I haven't heard anyone mention meth yet, but I have heard a guy on meth scream the same phrase over and over for hours. Maybe it is some 15-year-old appalachian meth addict hiding in the woods?
posted by mattbucher at 1:02 PM on May 20, 2008

I've heard (and seen) bobcats and mountain lions in the wild. Bobcats are waaaaaay louder than you'd possibly think they could be, and do sound decidedly humanish.

Mountain lion screams don't sound like Disney Movies. Those things scream like a heiress in a horror movie, and it carries for very, very, very long distances and you often can't even tell what direction it's coming from. Hearing one at night, alone, in the woods brings all kind of chills and worries, but it's also something of an honor (I think) to get to experience one of these majestic animals in the wild, on their terms.
posted by TomMelee at 1:07 PM on May 20, 2008

Pocupines. No really, pocupines. If they are injured or feel threatened they sound like a sick child crying out. It is the most horrible sound on earth outside of a sick child.
posted by Pollomacho at 1:34 PM on May 20, 2008

I vote bobcat, too. Remember the part in Little House on the Prairie when Pa thinks he hears a woman screaming over at his neighbor's house? He treks over there in the dead of night, and it's all quiet - then finds tracks the next day that indicate the "panther" was watching him from a tree the whole time.

I've heard raccoons scream - but to me, it's pretty high-pitched - didn't sound like a human.
posted by Liosliath at 2:13 PM on May 20, 2008

I've heard a screaming owl a few times (I live in Australia). It was the sort of scream a woman might make in surprised horror as the attacker grabs her from behind. The first time I heard it, I was a little freaked out.
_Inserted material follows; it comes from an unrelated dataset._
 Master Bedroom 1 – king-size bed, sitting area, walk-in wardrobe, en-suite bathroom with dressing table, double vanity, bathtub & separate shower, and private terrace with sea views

Worse yet it then proceeded to travel OVER the house - I had mental images of either witches or some flying monstrosity carrying away a victim (of course by then I knew it was a bird - I had heard of them, hadn't heard them though).
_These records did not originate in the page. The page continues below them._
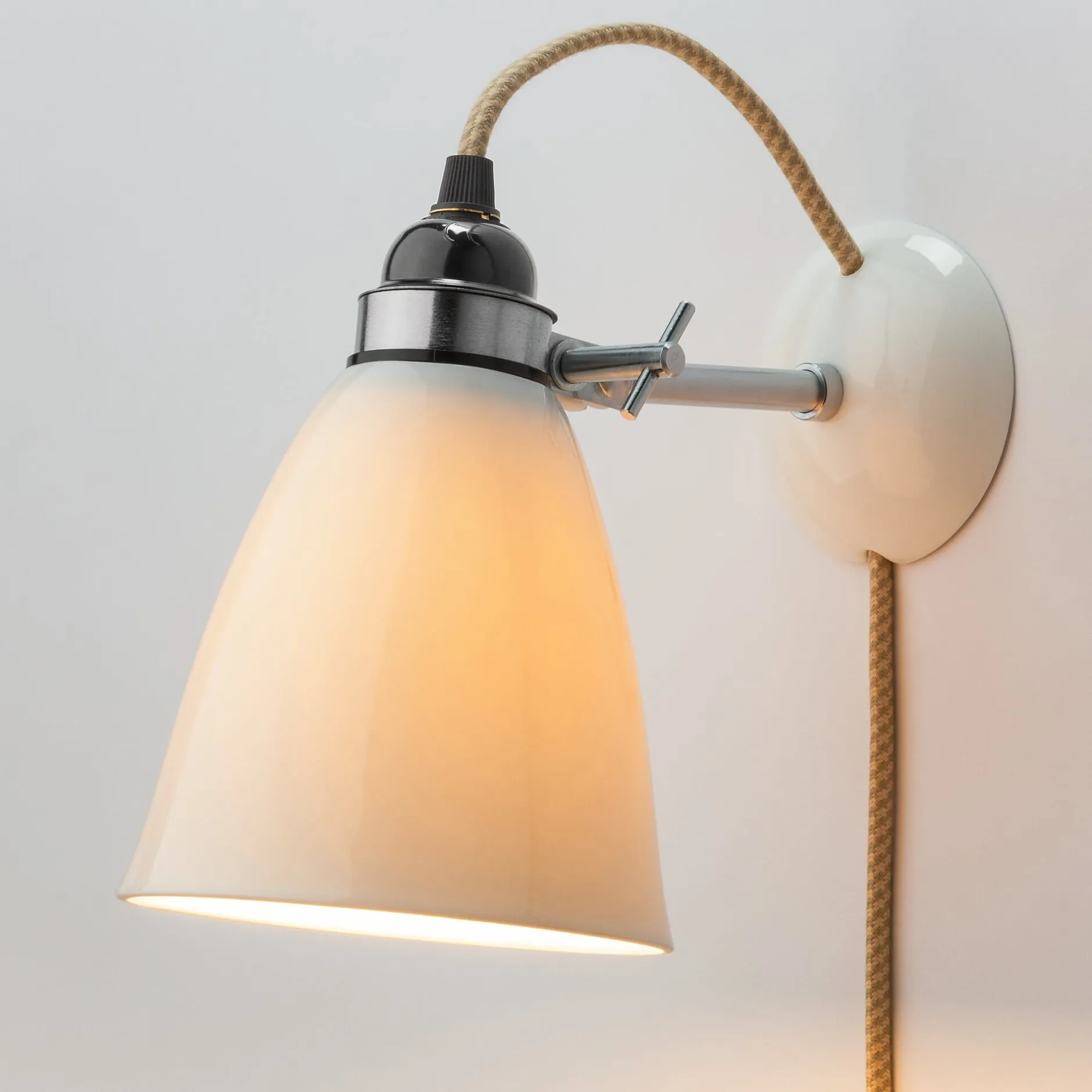 Mit Kabel. Zwischenschalter und Stecker. Wandrosette aus Porzellan, Ø 8,5 cm. Textilkabel, Länge 2,2 m, Eurostecker. Ausladung max. 26,5 cm. Gewicht 660 g.
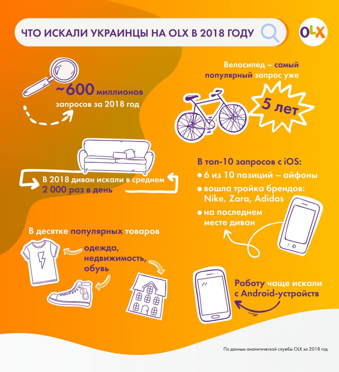 Аналитики OLX также сравнили запросы пользователей iOS и Android. Оказалось, что оба рейтинга сильно отличаются. Объединяет владельцев различных устройств только одно - в 2018 году все они хотели диван.
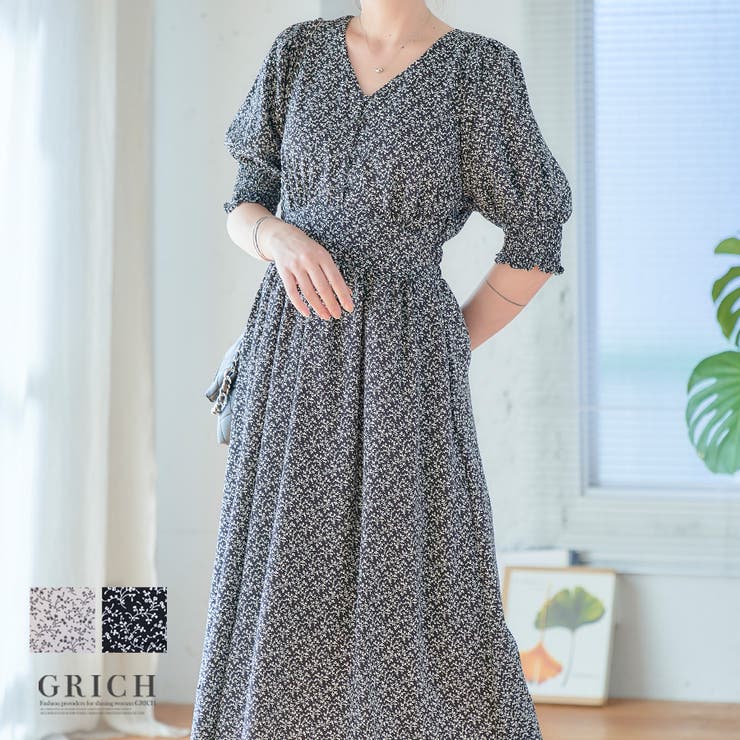 【10%OFFクーポン!11/27(木)1:59まで】Growing Rich パフスリーブ花柄ワンピース ワンピース ロング ひざ下 膝下 半袖 花柄 パフスリーブ ぽわん袖 Vネック ボリューム袖 ロングワンピ ウエストギャザー 上品 ブラック ホワ 4,671円 [SHOPLIST] | 10%OFF
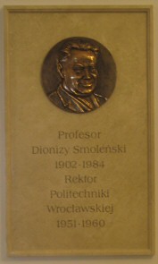 Z inicjatywy Stowarzyszenia Absolwentów Politechniki Wrocławskiej, Senat Politechniki Wrocławskiej, zgodnie z uchwałami nr 311/24/2002-2005 i 312/24/2002-2005, z dnia 21.10.2004 r., postanowił uhonorować osobę prof. Dionizego Smoleńskiego, pierwszego rektora naszej, samodzielnej już, uczelni tablicą pamiątkową z płaskorzeźbą, która jest wmurowana w holu gmachu Głównego oraz cokołem z popiersiem JM Rektora.
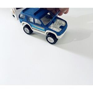 VINTAGE SOMA DIE-CAST METAL AND PLASTIC MIGHTY WHEELS BLUE 4X4 & TRAILER

I also used to hear the `breathing owl', which liked to sit near my window as a kid and breath in the sort of ragged way an escaped axe murderer might. Scared me silly until EVENTUALLY someone else heard it and said `Oh, I think that's an owl'.
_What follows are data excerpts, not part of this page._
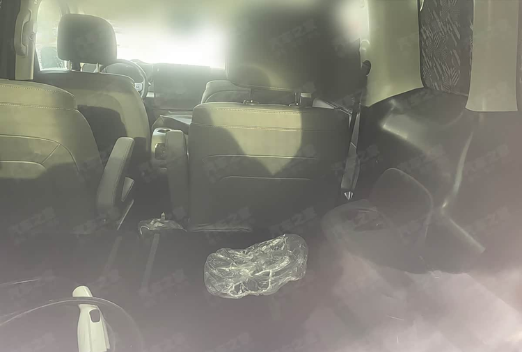 车辆内部目前仍然处于高度保密的状态,大部分区域被严密遮挡。不过,我们还是能从缝隙中窥见一些信息。驾驶员前方配备了一副双辐式设计的方向盘,而换挡机构则采用了怀挡形式。中控区域预计会搭载一块尺寸可观的中控屏幕,这是当前车型提升科技感的主流方式。更重要的信息在于座椅布局,谍照清晰地显示了车内采用了2+2+2的六座配置。每一张座椅看起来都相当厚实,旨在为所有乘客提供较好的承托,但具体的功能配置,例如是否具备通风或按摩,还需要等待官方后续的公布。
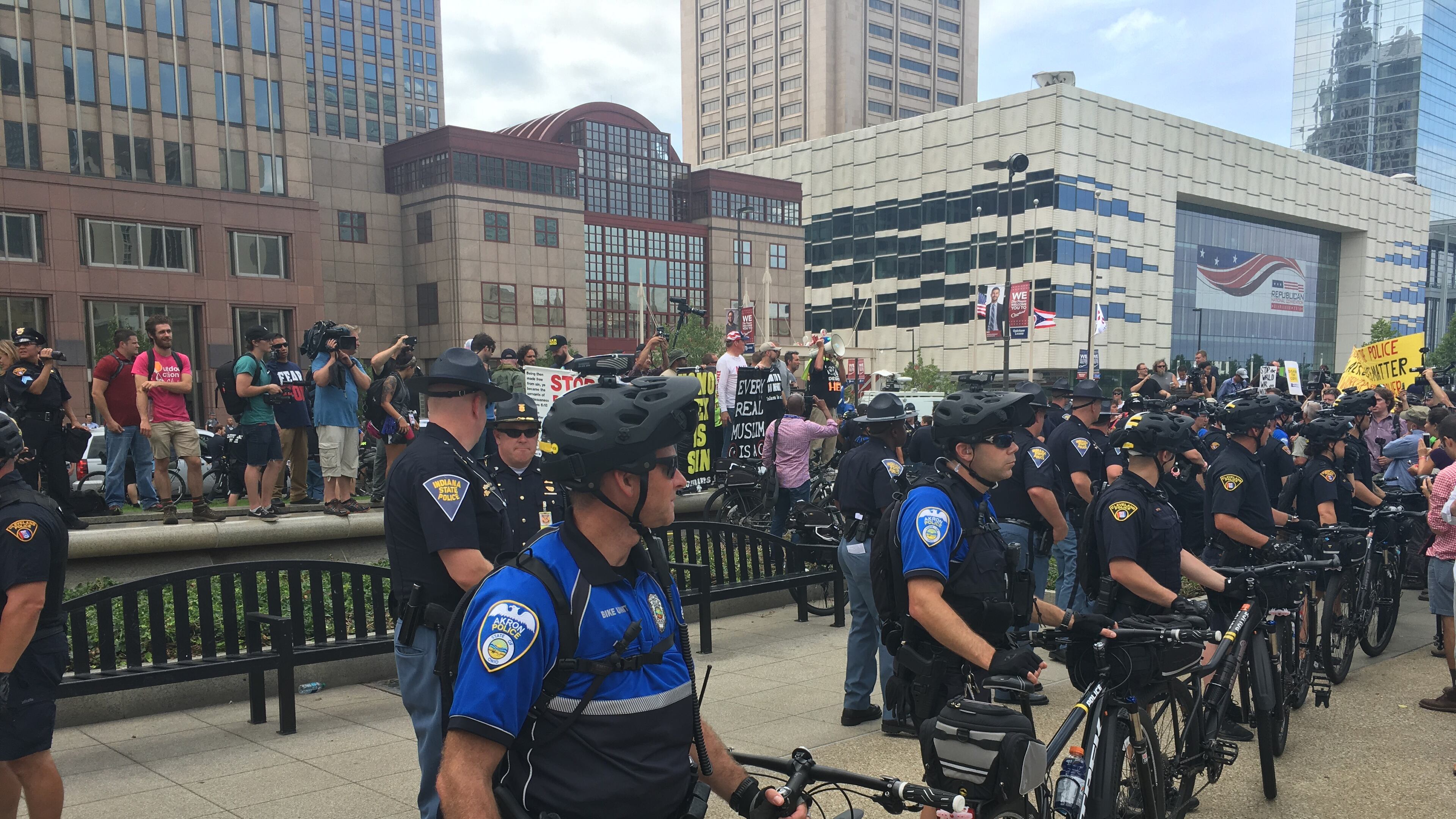 There were several pro-Trump and anti-Trump demonstrations crisscrossing the city as thousands of delegates streamed into the Quicken Loans Arena, but they remained peaceful amid a huge show of force from law enforcement officials.
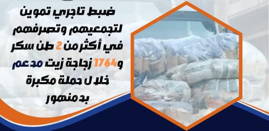 ضبط تاجري تموين لتجميعهما وتصرفهما في أكثر من ٢ طن سكر و١٧٦٤ زجاجة زيت مدعم خلال حملة مكبرة بدمنهور

The other bad one I've heard is when flying foxes (fruit bats) in northern queensland get into an argument, it sounds like someone strangling a baby.
posted by tomble at 3:13 PM on May 20, 2008

Q: Creepiest woods sound in my experience which triggered questions of humans in pain? A: Fox.
posted by Dick Paris at 6:12 PM on May 20, 2008

For posterity: When I lived in the UK, I had a small pond in the back garden, with British frogs. Some times a cat would come by (he was a nice cat, and befriended me) and catch frogs. The frogs would scream, and they sounded exactly like a screaming/crying baby. Kept me on my toes, as I love frogs, and was trying to get the cat to give up hunting them (without discouraging his visits to me).
posted by Goofyy at 3:05 AM on May 21, 2008

Seconding (or fourthing?) the suggestion that it might have been a cougar/bobcat. They can make the most unearthly, eerie noises - some compare them to a crying child, others to a screaming woman. My fire crew has been spiked out on the fireline in wilderness areas far from civilization and actually organized search and rescue efforts after being startled by a cougar calling around dusk. Hearing it actually raised the hair on my arms.